Problem: From the line containing "把宾大放在这一象限,很难让人" to the line containing "Wij transformeren je" in the records below, set down every line exactly as it stands, both ends included, and skip the pictures.

Listed entries:
Content starts
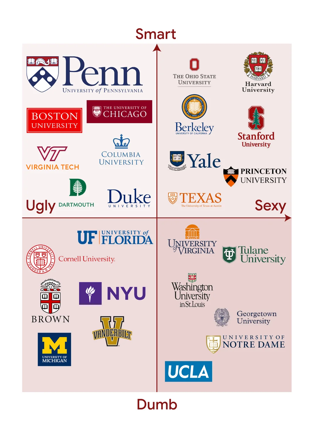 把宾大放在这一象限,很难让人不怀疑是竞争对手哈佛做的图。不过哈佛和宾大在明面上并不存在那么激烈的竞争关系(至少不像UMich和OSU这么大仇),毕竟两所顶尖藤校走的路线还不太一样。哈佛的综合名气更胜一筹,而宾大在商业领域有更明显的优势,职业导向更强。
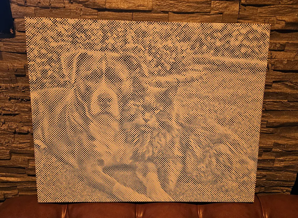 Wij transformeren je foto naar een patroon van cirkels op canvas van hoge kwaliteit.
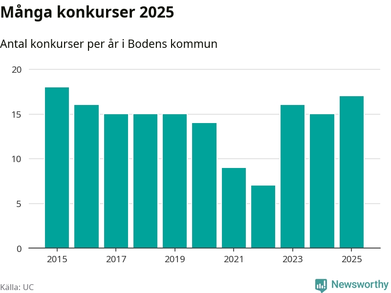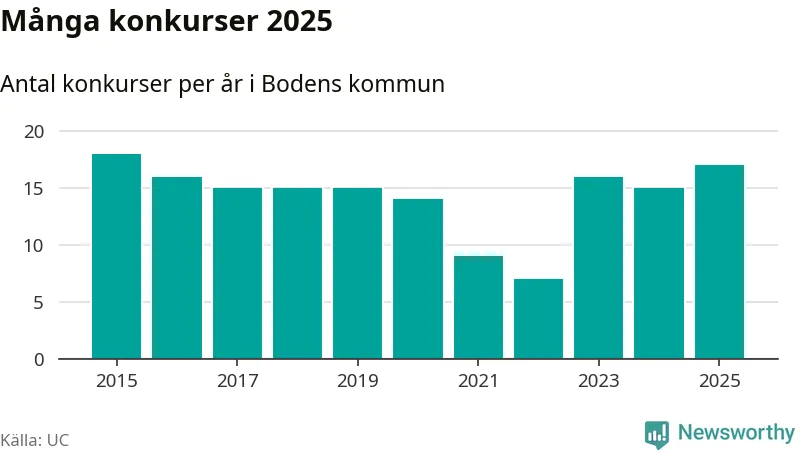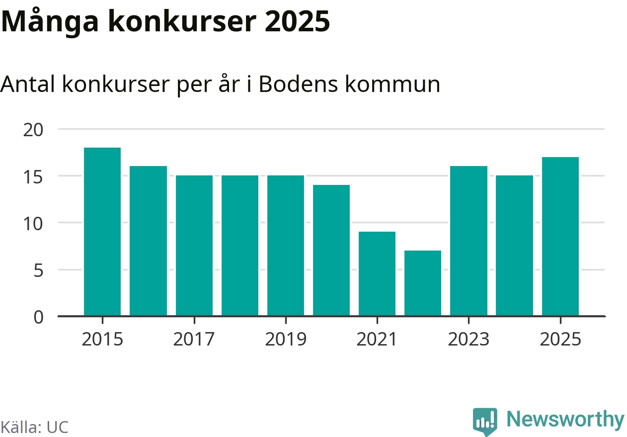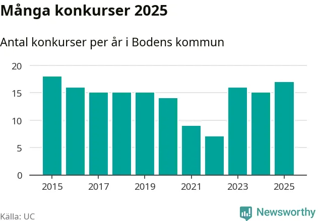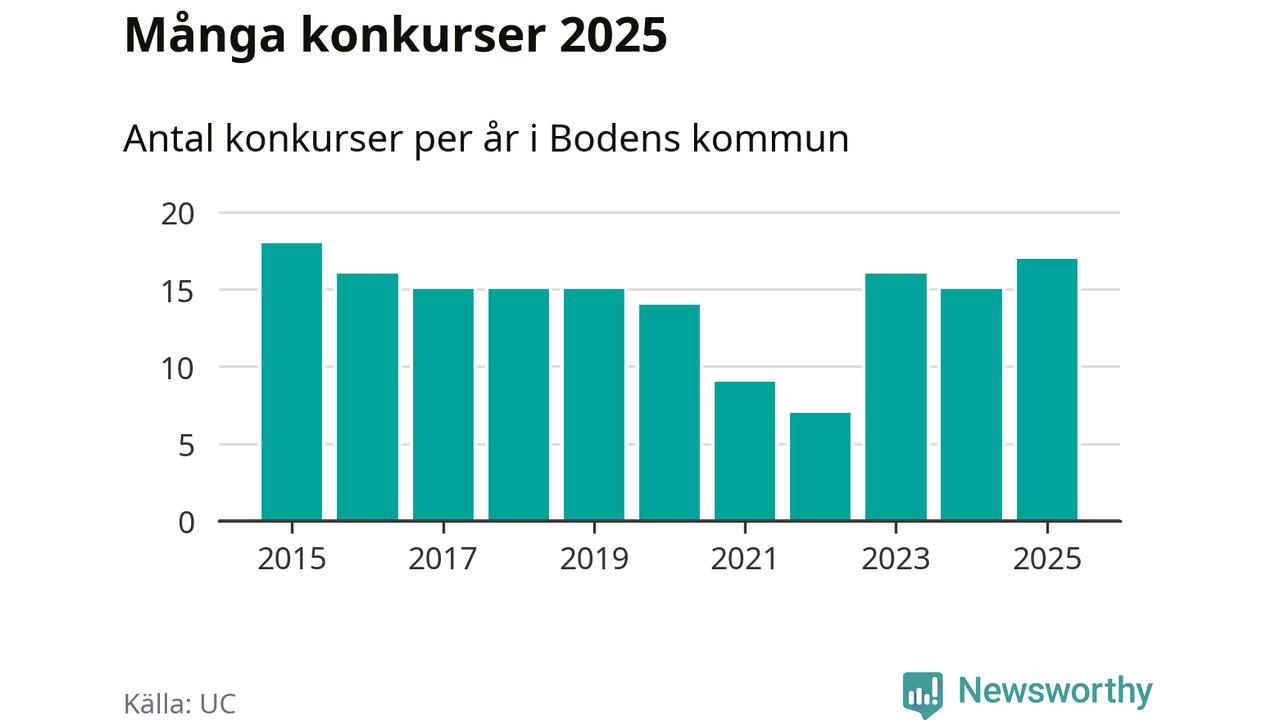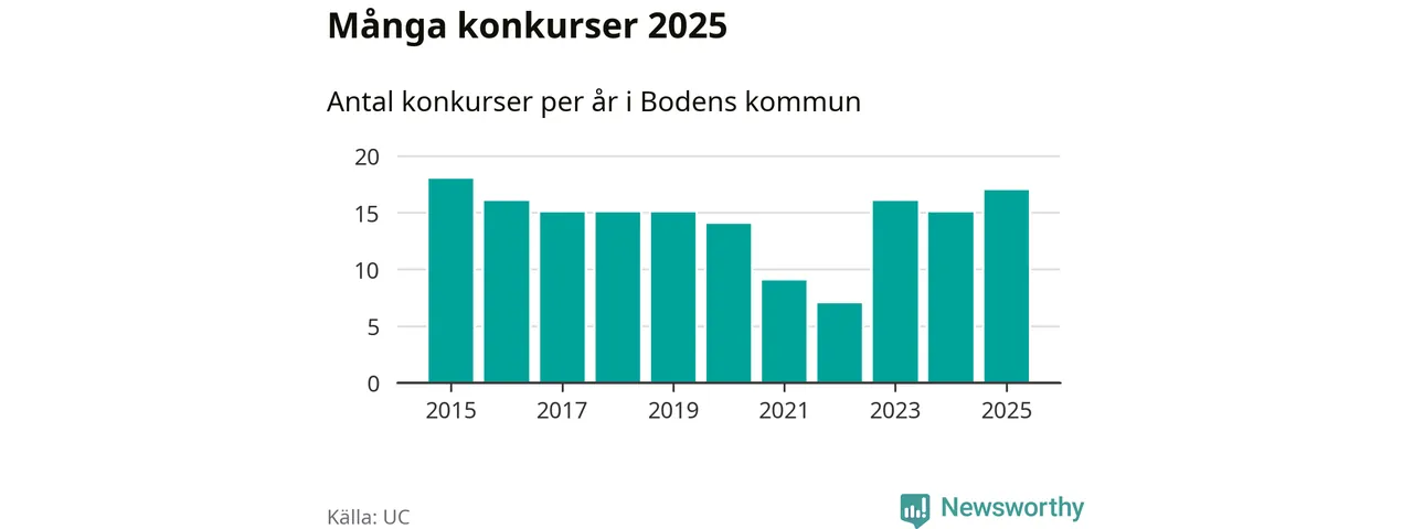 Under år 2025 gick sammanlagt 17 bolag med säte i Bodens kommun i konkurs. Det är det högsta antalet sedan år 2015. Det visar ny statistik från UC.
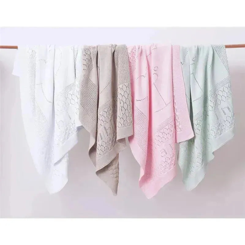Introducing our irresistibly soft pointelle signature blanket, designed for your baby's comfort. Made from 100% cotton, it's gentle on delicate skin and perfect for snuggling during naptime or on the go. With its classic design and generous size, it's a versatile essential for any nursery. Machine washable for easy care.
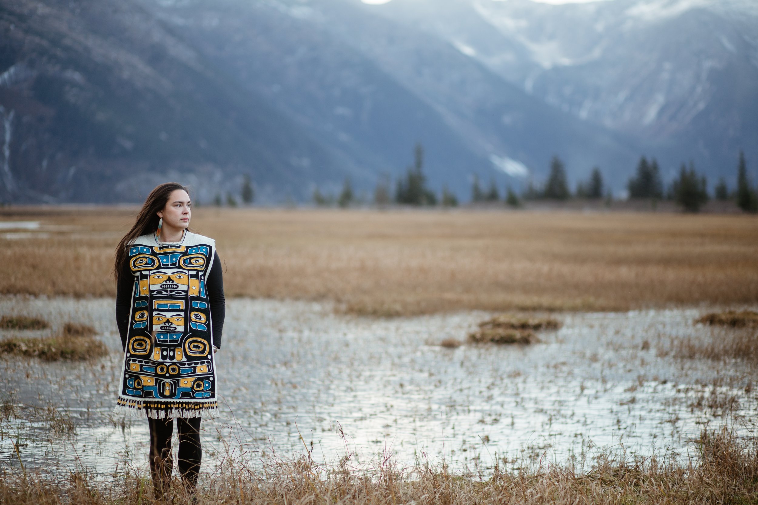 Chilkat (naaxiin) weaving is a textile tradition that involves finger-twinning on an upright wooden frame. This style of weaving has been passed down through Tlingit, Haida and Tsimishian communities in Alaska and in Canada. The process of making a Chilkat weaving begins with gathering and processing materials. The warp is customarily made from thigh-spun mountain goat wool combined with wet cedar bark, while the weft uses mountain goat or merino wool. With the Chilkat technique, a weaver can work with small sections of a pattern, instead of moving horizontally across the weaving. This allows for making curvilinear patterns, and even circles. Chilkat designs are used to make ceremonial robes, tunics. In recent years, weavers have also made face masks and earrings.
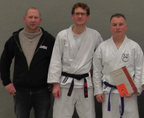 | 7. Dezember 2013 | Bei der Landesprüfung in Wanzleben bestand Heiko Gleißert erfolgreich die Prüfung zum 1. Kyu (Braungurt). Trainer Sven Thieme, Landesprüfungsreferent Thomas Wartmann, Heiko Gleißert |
Content ends
Content starts
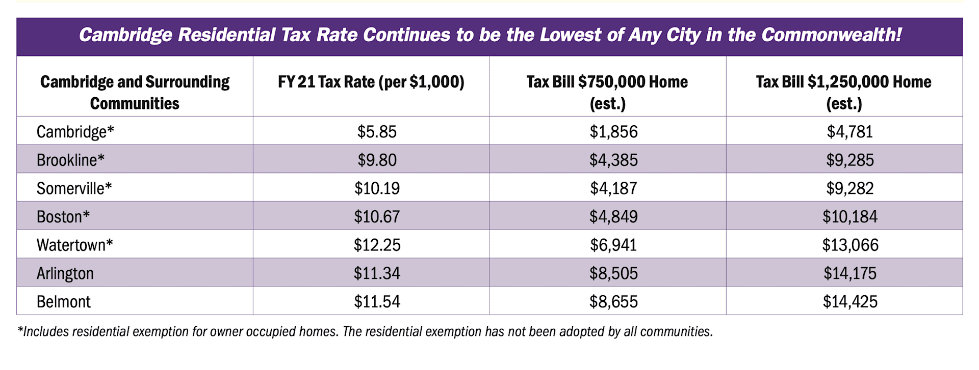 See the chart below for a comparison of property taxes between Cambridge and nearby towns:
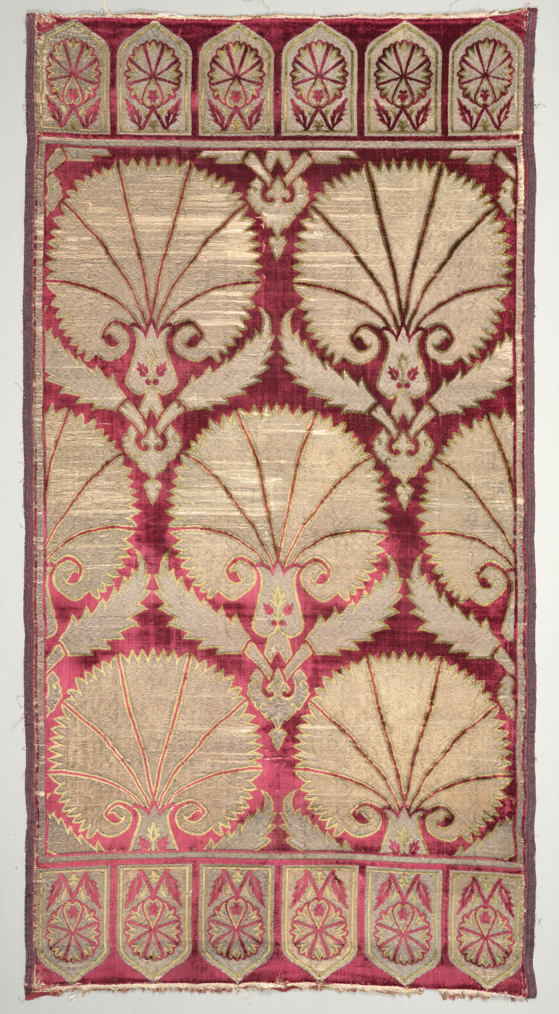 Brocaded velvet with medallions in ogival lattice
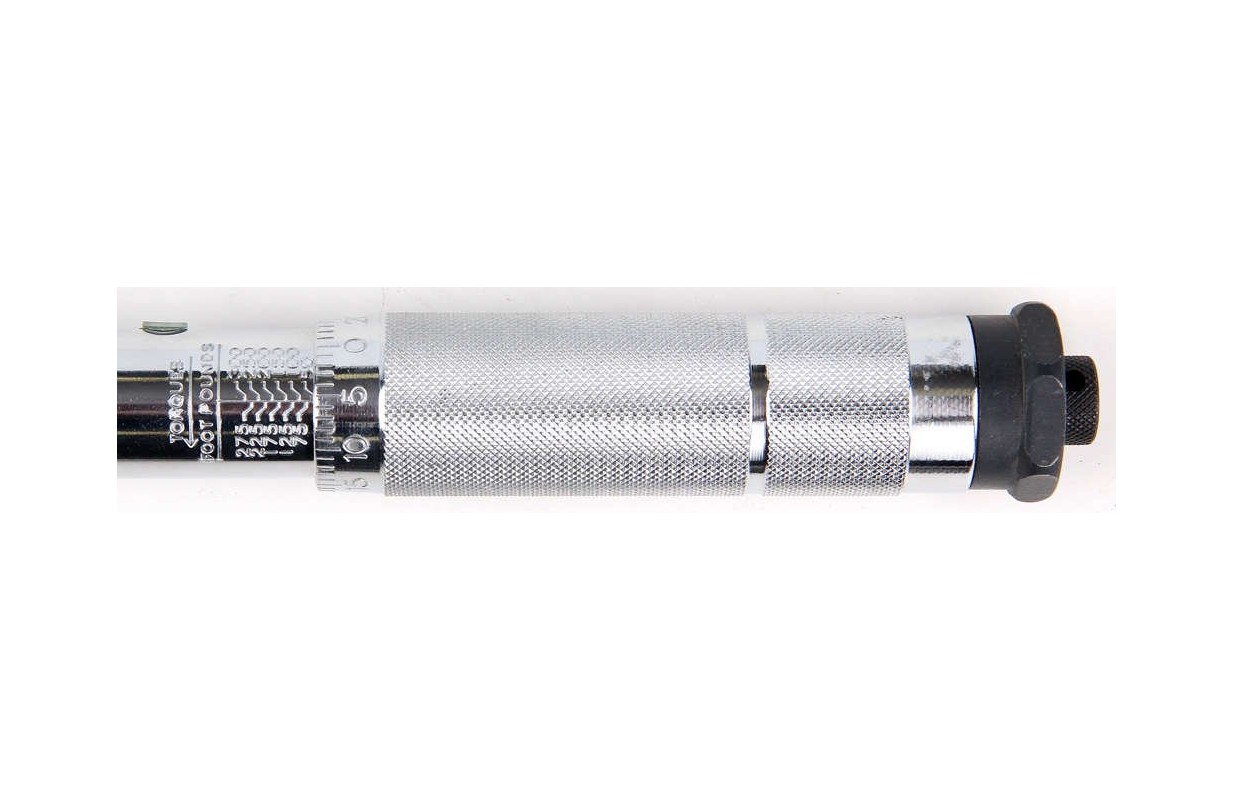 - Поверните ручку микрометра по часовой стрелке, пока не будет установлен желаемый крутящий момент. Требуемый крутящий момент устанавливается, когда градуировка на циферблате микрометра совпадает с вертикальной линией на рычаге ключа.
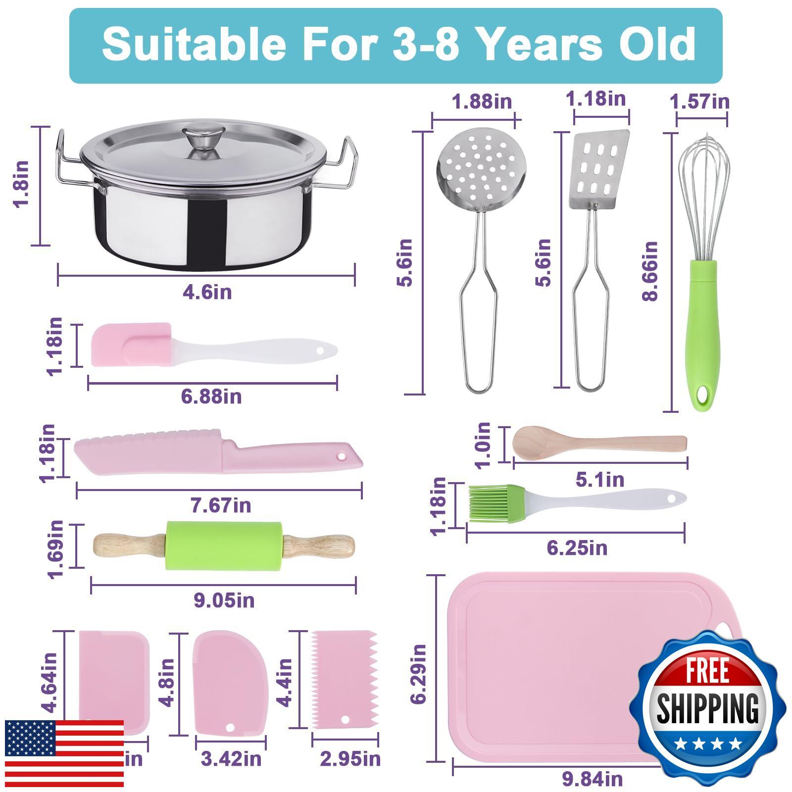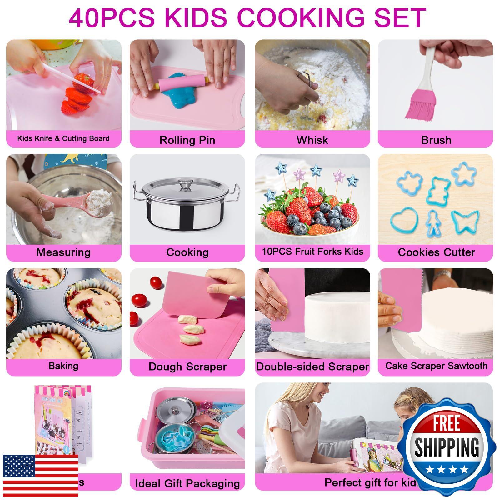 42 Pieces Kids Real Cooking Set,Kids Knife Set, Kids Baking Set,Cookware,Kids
Content ends
Answer space:
 把宾大放在这一象限,很难让人不怀疑是竞争对手哈佛做的图。不过哈佛和宾大在明面上并不存在那么激烈的竞争关系(至少不像UMich和OSU这么大仇),毕竟两所顶尖藤校走的路线还不太一样。哈佛的综合名气更胜一筹,而宾大在商业领域有更明显的优势,职业导向更强。
 Wij transformeren je foto naar een patroon van cirkels op canvas van hoge kwaliteit.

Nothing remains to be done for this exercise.